The distribution type is “Summary”, and leave the “Max number of buckets” blank.

Pie Chart

When the number of variants matters, use pie chart as it does not have space constraint. It’s useful when you have an expectation of what is good or bad. See the following 2 widgets. They show the number of resource pools in a cluster. What does each pie chart tell you?

The first cluster has way too many resource pools. This alone will make performance management difficult.

The second cluster has 4 resource pools, but they are of equal share. What’s the point of having resource pool when they are the same share? It looks like a common mistake of using resource pool as folder.

Summary

This widget can do 2-level of summary

First, the data is summarized over time.
Second, the data is summarized over members of the group.

The first summarization is optional. In the following example, it simply gets the VM configured size for each VM.

The widget then aggregates 3 numbers: the average size of all VMs, the largest size, and the smallest size.

A screenshot of a computer AI-generated content may be incorrect.

You can also add standard deviation to see the size of the distribution.

Advance Example

You can use the widget to perform advance analysis, such as baseline performance profiling.

In the example below, we first take the 95^th percentile of each VM contention. This is then used as the input to get the overall average, and the worst, among all the VMs.

The 99^th percentile is set on each row.

The 2 columns (average and worst) are actually summary

Limitation: there is no function such as count and percentile.

Heat Map

Heat Map lets you vary both the color and the size of each object. Fixing the size can be powerful as it shows a different meaning. From the following example, you can see that there are more red than orange + yellow combined. It also makes the overall layout neater, which is always a nice bonus.

Fixing the size also enable you to use multiple heat map widgets together. The reason is the exact location and shape of each box is identical across widgets. In the following example, the red dot comes from the same ESXi host. This means you can see while this server across the 4 different metrics.

Top N

Top N is a simple list with visual. It is ideal when you need to convey the value before the object name. As you can see below, the presentation is more eye catching than View List table.
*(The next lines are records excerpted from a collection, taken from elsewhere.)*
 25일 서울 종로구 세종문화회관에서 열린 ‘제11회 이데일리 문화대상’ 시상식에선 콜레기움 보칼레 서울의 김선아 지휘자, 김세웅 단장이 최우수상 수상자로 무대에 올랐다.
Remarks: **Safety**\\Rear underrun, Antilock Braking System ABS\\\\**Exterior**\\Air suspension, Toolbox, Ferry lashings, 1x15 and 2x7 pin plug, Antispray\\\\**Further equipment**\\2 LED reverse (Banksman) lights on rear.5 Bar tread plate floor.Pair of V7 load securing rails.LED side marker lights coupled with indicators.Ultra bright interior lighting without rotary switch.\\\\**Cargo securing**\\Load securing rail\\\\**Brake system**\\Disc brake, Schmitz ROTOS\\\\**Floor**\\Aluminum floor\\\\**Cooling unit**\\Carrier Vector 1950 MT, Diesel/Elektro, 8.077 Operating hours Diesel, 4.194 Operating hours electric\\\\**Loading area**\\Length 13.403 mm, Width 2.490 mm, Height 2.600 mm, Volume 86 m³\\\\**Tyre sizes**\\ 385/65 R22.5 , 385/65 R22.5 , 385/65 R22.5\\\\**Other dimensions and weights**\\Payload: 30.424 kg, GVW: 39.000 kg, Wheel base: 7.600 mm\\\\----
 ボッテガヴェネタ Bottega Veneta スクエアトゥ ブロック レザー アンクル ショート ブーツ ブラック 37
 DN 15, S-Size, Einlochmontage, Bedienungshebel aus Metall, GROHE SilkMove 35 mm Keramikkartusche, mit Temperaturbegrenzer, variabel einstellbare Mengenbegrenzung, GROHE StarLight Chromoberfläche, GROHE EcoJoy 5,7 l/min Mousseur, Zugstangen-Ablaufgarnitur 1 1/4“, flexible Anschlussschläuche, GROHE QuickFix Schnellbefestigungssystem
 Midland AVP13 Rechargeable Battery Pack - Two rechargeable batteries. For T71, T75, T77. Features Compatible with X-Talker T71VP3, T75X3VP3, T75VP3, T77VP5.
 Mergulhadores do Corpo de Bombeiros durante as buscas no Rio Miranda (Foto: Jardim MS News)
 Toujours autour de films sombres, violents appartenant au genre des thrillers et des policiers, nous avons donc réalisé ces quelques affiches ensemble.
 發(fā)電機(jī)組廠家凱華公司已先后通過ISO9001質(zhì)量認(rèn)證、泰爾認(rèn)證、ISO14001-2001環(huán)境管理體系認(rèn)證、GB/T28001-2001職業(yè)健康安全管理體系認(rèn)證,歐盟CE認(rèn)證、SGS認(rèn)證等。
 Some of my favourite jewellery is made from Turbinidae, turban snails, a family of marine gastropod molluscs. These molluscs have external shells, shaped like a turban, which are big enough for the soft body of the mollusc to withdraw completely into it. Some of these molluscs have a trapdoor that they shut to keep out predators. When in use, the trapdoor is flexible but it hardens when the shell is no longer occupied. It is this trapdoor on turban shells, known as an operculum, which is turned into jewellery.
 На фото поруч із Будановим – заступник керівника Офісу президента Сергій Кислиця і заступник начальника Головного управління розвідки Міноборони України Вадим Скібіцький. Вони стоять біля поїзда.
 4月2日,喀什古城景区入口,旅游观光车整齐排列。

A screen shot of a graph AI-generated content may be incorrect.

Relative to View List, Top-N has limitation on data transformation. By default, it will average the value. Since average is a lagging indicator, use the percentile function. As a bonus, the percentile is not locked in the design mode. Any user can change the percentile on the fly!

Limitations

Distribution charts (pie chart, donut chart, bar chart) have the following limitations:

“No data to display” does not imply that there is something wrong with VCF Operations data collection process. It might signify that none of the objects meets the filtering criteria of the widget, hence there is really nothing to display.
To see the content of a slice in a pie-chart or a bucket in a bar-chart, simply click on it. Note that the list cannot be exported.
The pie-chart and bar-chart cannot drive other widgets. For example, you cannot select one of the pie-slices or buckets, and expect it to act as a filter to a list or a table. What you can do, is to select one of the object in the slice. I use this technique to allow drill down. You can also click on the object name, which will take you to the object summary page. The page provides key configuration information, alongside other summary information.
You can apply a specific color in a pie chart or distribution chart for a specific numeric value, but not string value. For example, you can’t apply a red color to the value “Not Installed”.

The following widget can only show the present data:

Heat Map
Scoreboard

Log Insight. Unable to specify color in the bar chart. The color is automatically chosen. It can result in “red” in the legend being shown in green.

Implementation

Ok, enough of theory 😊 . How do you apply all those in real world operations management when there are many systems to manage and many roles are involved?

Architecting a suite of dashboards spanning a wide area is complex. To address this, begin with the end in mind. Different team in a large organisation are interested in different things. Once you have the standards, you can personalize as individuals within a team have specific ways of doing his or her job.

Each operation is like a fingerprint. While there are commonalities, each customer runs their operations a little differently. Hence it’s not possible to design one dashboard that meet every customer’s operational needs. A configuration that is important for one may not even be relevant for another. Tailor this dashboard to your unique environment. If needed, widgets can be collapsed or expanded allowing more relevant data to be displayed.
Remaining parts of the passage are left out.